(Source data begins)
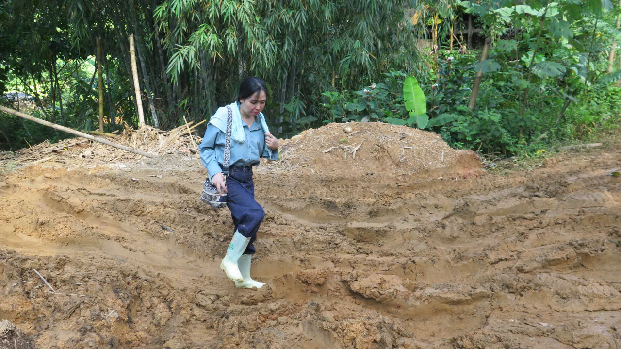 | Phóng viên CQTT TTXVN tại Lào Cai Lục Hương Thu trên đường vào vùng lũ thôn Làng Nủ, xã Phúc Khánh, huyện Bảo Yên, tỉnh Lào Cai, ngày 14/9 |
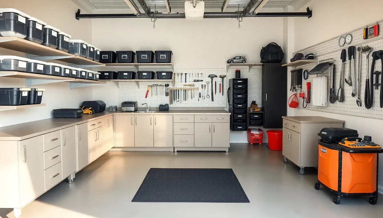 Clear labeling ensures users can find items quickly, minimizing downtime during projects. Garage cabinets provide concealed storage, helping maintain a clean look. When considering flooring, modular tiles or rubber mats offer protective measures while improving aesthetics.
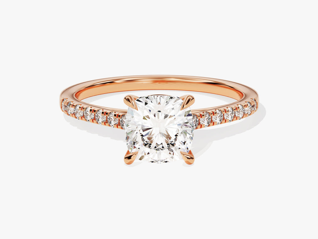 Labordiamant Verlobungsring im Kissenschliff mit Pave-Seitensteinen (1.50 CT)
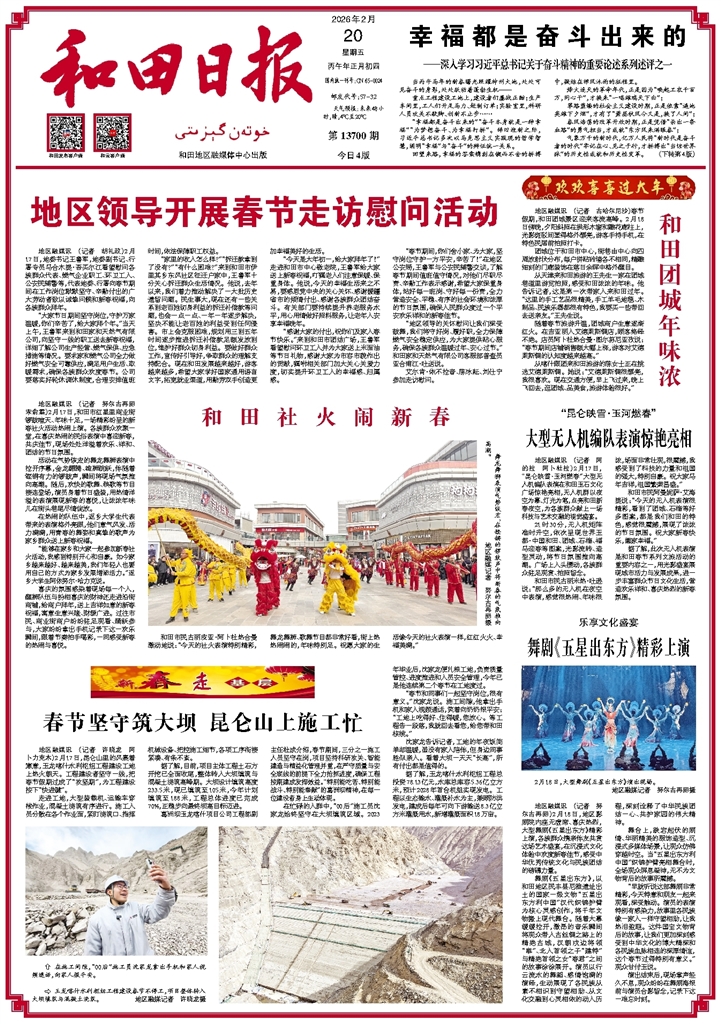 地区融媒讯 (记者 努尔古再丽 宋俞霖)2月17日,和田市红星里商业街锣鼓喧天、年味十足,一场精彩纷呈的新春社火活动热闹上演。各族群众欢聚一堂,在喜庆热闹的民俗表演中喜迎新春,共庆佳节,现场处处洋溢着欢乐、祥和、团结的节日氛围。
(Source data ends)
Exercise objective:
Before handing back the copy, remove the pictures; otherwise print the data exactly.

Task solution:
 | Phóng viên CQTT TTXVN tại Lào Cai Lục Hương Thu trên đường vào vùng lũ thôn Làng Nủ, xã Phúc Khánh, huyện Bảo Yên, tỉnh Lào Cai, ngày 14/9 |
 Clear labeling ensures users can find items quickly, minimizing downtime during projects. Garage cabinets provide concealed storage, helping maintain a clean look. When considering flooring, modular tiles or rubber mats offer protective measures while improving aesthetics.
 Labordiamant Verlobungsring im Kissenschliff mit Pave-Seitensteinen (1.50 CT)
 地区融媒讯 (记者 努尔古再丽 宋俞霖)2月17日,和田市红星里商业街锣鼓喧天、年味十足,一场精彩纷呈的新春社火活动热闹上演。各族群众欢聚一堂,在喜庆热闹的民俗表演中喜迎新春,共庆佳节,现场处处洋溢着欢乐、祥和、团结的节日氛围。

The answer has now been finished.